Afghan refugees face bleak future
TAQI NAQI: Taqi Naqi township emerges bleak and
barren from the dust of western Afghanistan, an apparent ghost town of derelict mud houses.
The government built it for homeless refugees returning to Herat province from Iran
after US-led troops ousted the Taliban regime in late 2001, but no one wants to live here, away from arable farmland and big cities.
Behind some of the doors, however, there
is life — albeit one eked out with the help of foreign aid and dreams of a better future.
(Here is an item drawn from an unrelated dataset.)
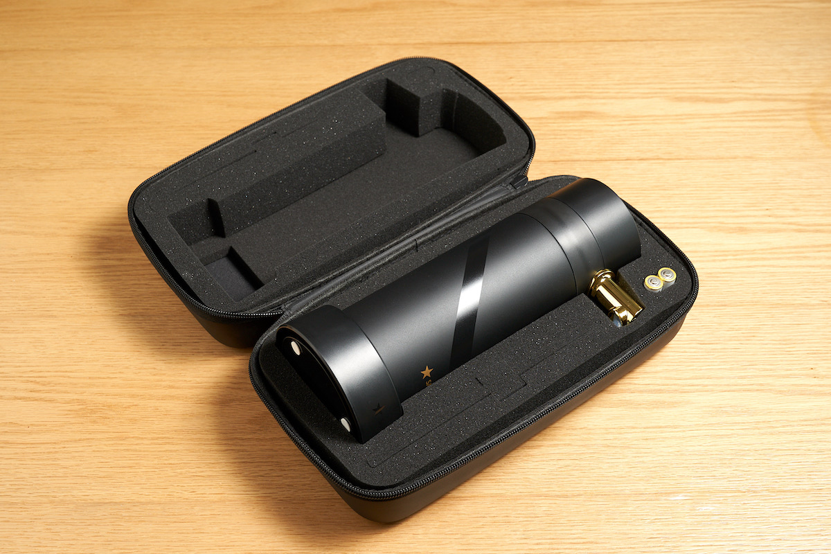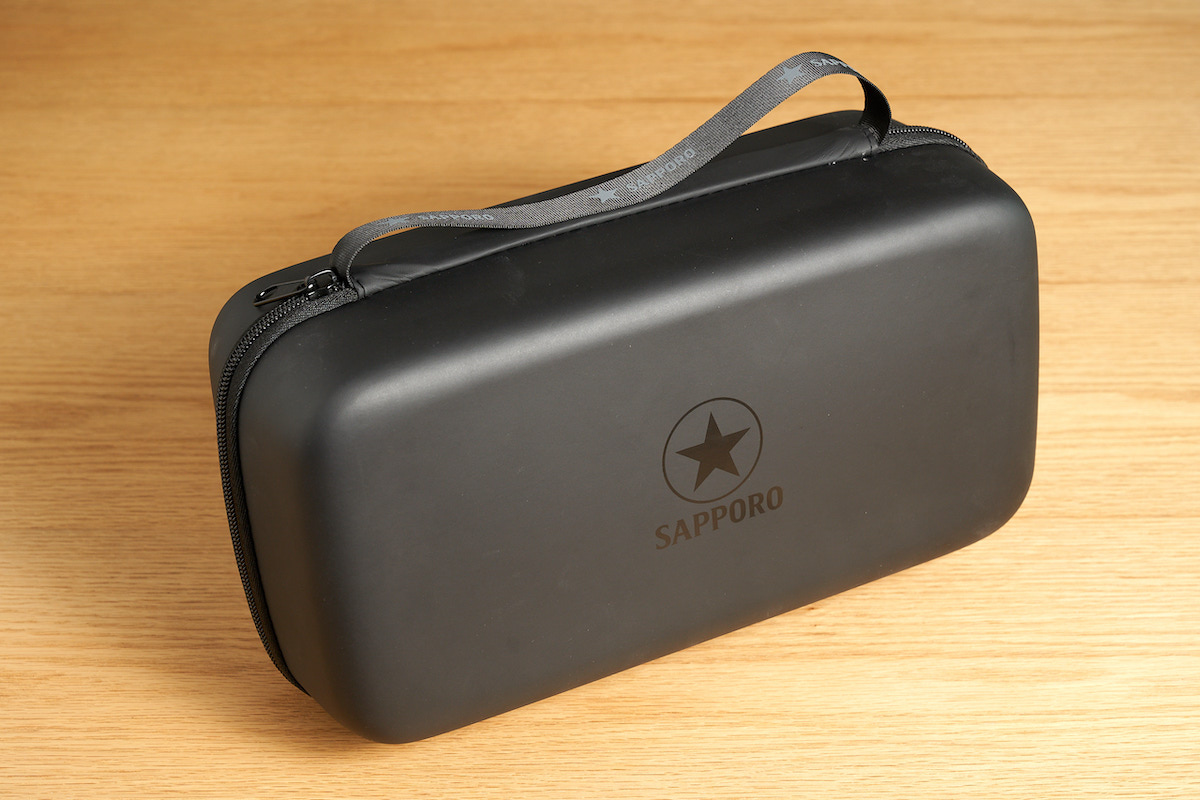 持ち運ぶ際は、本機に付いてくる「専用ケース」を活用したい。マットブラックに、黒ラベルのロゴが黒色で配されたオールブラックのデザインは、非常にクール。内部には専用のスリット入りクッションが配され、本機をしっかりホールド。また、ストラップ付きなので片手でもなんなく取り扱える。もちろん、収納にも大活躍だ。

Inside 38-year-old Mina Yousif's house,
the family of tailors
prepares clothing for a wedding. Tapestries of Afghanistan's legendary anti-Soviet and anti-Taliban fighter Ahmad Shah Massoud bring colour to the dirt walls.
"We did not want
to come back to Afghanistan because here there are no facilities, there is no power," Yousif said, adding they felt pressured to return
in 2004 by Iranian
authorities after nearly
20 years as refugees.
"But in Iran we had many facilities, we
were very comfortable." Her neighbour Zulaikha, who has one name
only, is also disparaging of her new home:
"We have nothing,
they have to help us. There is no transport to go to the cities, there
are no vehicles." About eight million Afghans
fled or were forced
from their homes by decades of civil war and the subsequent 1996-2001 Taliban government, which transformed Afghanistan into a draconian Islamist state.
Between 2002 and 2008, about five million Afghans returned home with dreams of peace and prosperity, the United Nations says.
"When we talk about five million repatriated, we are talking about
an estimated 20 percent of the total population
of the country," said
Mohammad Nadir Farhad, spokesman in Kabul for UN refugee agency UNHCR.